While investors did not specify the events that led to the launching of the probe into Mojocare, Indian news outlet Morning Context reported Sunday that the startup had been inflating its financials and engaged in paying questionable vendor partners for some time.
The startup denied "all accusations of money being taken out of the company."
Mojocare recently laid off between 150 and 170 employees or about 80 percent of its workforce, citing the need to "rationalize costs," CNBC-TV18 reported.
"Facing difficult market conditions, we at Mojocare have had to make tough decisions to improve our unit economics," a spokesperson told the outlet.
The startup's investors include Peak XV Partners (formerly Sequoia Capital India and Southeast Asia), Better Capital, Chiratae Ventures, B Capital and Surge among others.
In May 2022, Mojocare saw its major investors rallying to land the company $20.6 million in a Series A funding round. At the time, the company said the funds raised will be used for product expansion and diversifying the product portfolio among others.
News of Mojocare's layoffs and scaling back came after several other Sequoia-backed Asian companies have been accused of business misconduct.
Last year, car servicing startup GoMechanic was accused of financial misreporting after Malaysian sovereign fund Khazanah Nasional and Japan's SoftBank jointly tapped accounting firm EY to review GoMechanic's financials.
GoMechanic co-founder Amit Bhasin has since admitted to errors in the startup's financial reporting. The company also announced earlier this year that it was slashing its workforce by 70%, affecting around 700 employees.

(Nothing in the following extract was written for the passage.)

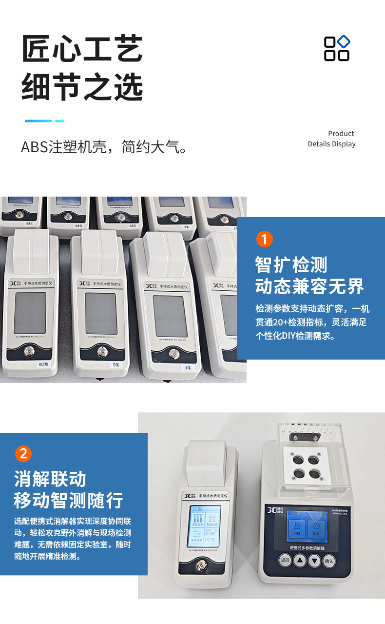 聚創(chuàng)JC-ZLD-01型手持式總氯測定儀依據N,N-二乙基對苯二胺(DPD)分光光度法研發(fā),采用輕量化外殼及人性化程序設計,能快速準確地測量大、中、小型水廠及工礦企業(yè)、生活或工業(yè)用水的總氯濃度,以便控制水中總氯達到規(guī)定的水質標準。

Another Sequoia-backed startup, e-commerce platform Zilingo, was accused of "significant irregularities in reporting to investors" last year. Investors jointly hired Kroll Inc. to review the irregularities.
Zilingo investor Burda Principal Investments (BPI), said in April that misreporting to investors ultimately led to the Singapore fashion startup's failure.
Ankiti Bose, Zilingo's co-founder and former CEO, vowed that she would clear her name after she was ousted from her position. "There is not a single payment made by Zilingo that did not have proper documents or either the finance, tech, or operations teams were not aware of," Bose told Bloomberg last year.
Finally, an independent audit accused fintech startup BharatPe's co-founder Ashneer Grover and his wife Madhuri Jain of allegedly misappropriating the company's funds.
Peak XV, which is BharatPe's largest shareholder, said it will "take tough calls where needed in the interest of doing what is right" after news of BharatPe's issues emerged.
Last year, Peak XV said some of its "worst days are when we hear about breaches of integrity or ethics in the portfolio" of startups it supports.
"Recently some portfolio founders have been under investigation for potential fraudulent practices or poor governance. These allegations are deeply disturbing," the venture capital firm wrote in a blog post.
The company vowed to "take a set of proactive steps" to ensure that every startup across its investment portfolio commits to business integrity.